Fonderia 6 sempre una miniera di informazioni, grazie!

/EDIT censurata una castronata detta dal sottoscritto tempo fà

----------

## .:deadhead:.

 *fedeliallalinea wrote:*   

> Dipende se ci devi compilare grossi programmi. Il programma che richiede piu' spazio per la /var/tmp e' openoffice che ne richiede 2.5/3Gb quindi vedi tu di quanto farla. Io la /var l'ho fatta di 3 Gb. La /tmp la farei di 500Mb non di piu'.

 

Come ho detto sopra, il pacchetti più grossi che mi troverei a dover compilare sono il kernel, Samba, OpenSSH e ClamAV...

Boh... intanto faccio come suggerito da fonderiadigitale, aggiungo anche la /tmp  come cartella temporanea per le compilazioni...   :Wink: 

----------

## bandreabis

Ciao a tutti. Ho un problema correlato: /tmp è su una partizione da 1.4GB assieme alla root /, mentre /var /usr /boot e /home sono su partizioni dedicate.

Il problema non è /var/tmp quindi questo è il post più vicino al mio problema. Ma bensì /tmp.

Per esempio se cerco di fare un tar da più di 1 GB mi si riempe /tmp e tutto si blocca.

C'è un modo per spostare /tmp chessò in /var dove lo spazio non mi manca? O altra soluzione similare, chessò modificare man mano dove tar poggia i suoi files temporanei?

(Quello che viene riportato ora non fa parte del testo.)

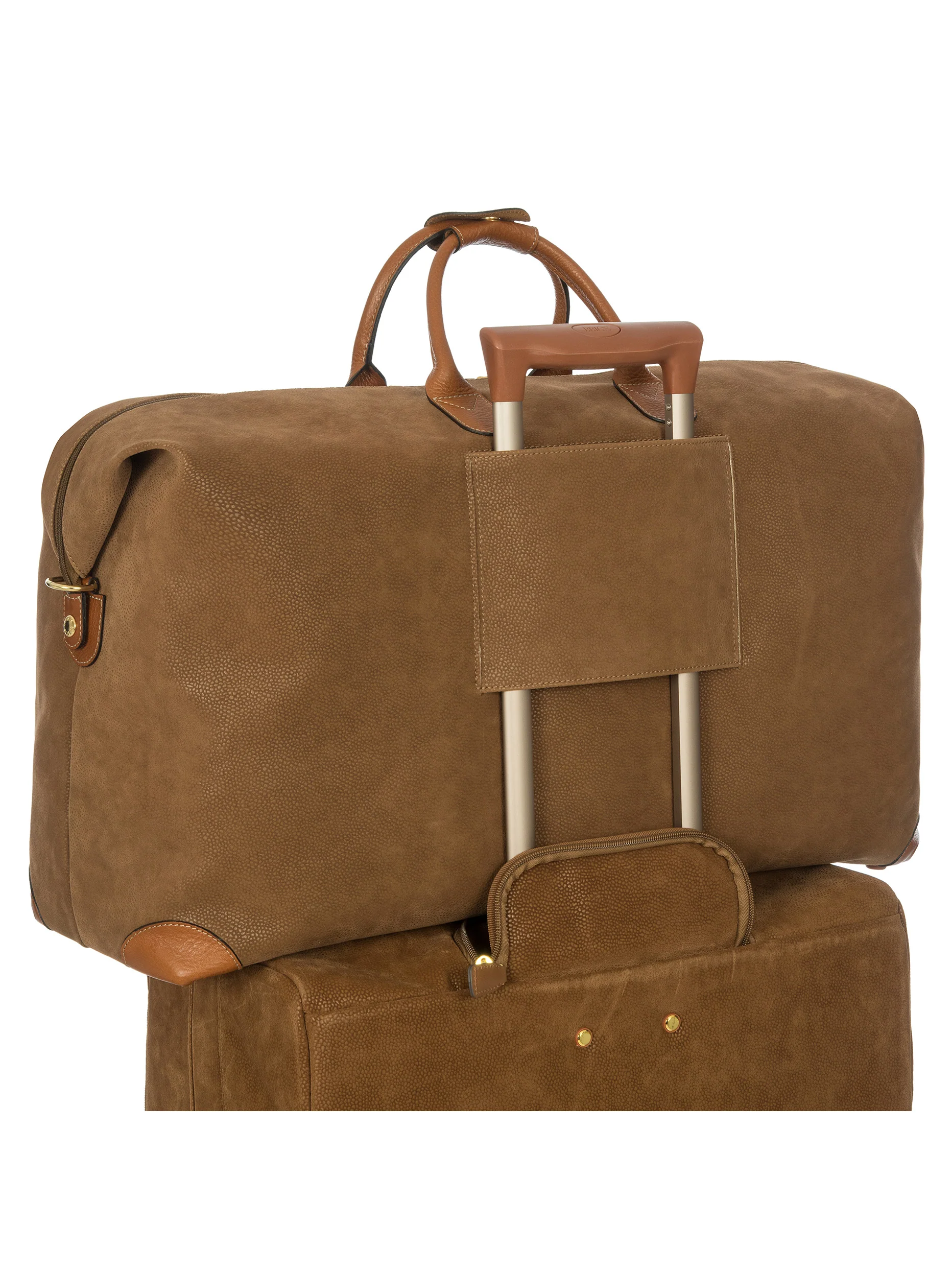 Designed and made in Italy, this large duffle bag from the Life collection is constructed in Bric’s iconic suede-effect material. Water-resistant and extra durable, it’s the product of expert artisan production processes. Everyday use will give it a vintage look, making it even more unique. A detachable, adjustable-length strap is included, making it easy to carry over the shoulder. The posterior side has a band that easily slips over the handle of the suitcase. The main compartment is opened by a double-slide zip. Its roomy shape makes it particularly ideal for travel, complete with inner pockets (one with a zip) and an outer zip pocket so that essential items are always to hand. The handles and details in real leather, a distinctive Bric’s accent, make it even more refined.

Mi chiedo come potrei fare se volessi farmi uno stage4? Mi servirebbero almeno tar da 4.5 per masterizzarlo in vari DVD. Se poi volessi sfruttare il mio masterizzatore DL...   :Rolling Eyes: 

Avete qualche con(s)iglio?

Andrea  :Very Happy: 

----------

## .:chrome:.

potresti creare un'altra entry in /etc/fstab, oppure creare due directory nella partizione di /var e usare l'opzione --move di mount per fare in modo che /tmp punti ad una di queste due

----------

## bandreabis

Grazie k! Ma non mi è chiaro il tuo consiglio.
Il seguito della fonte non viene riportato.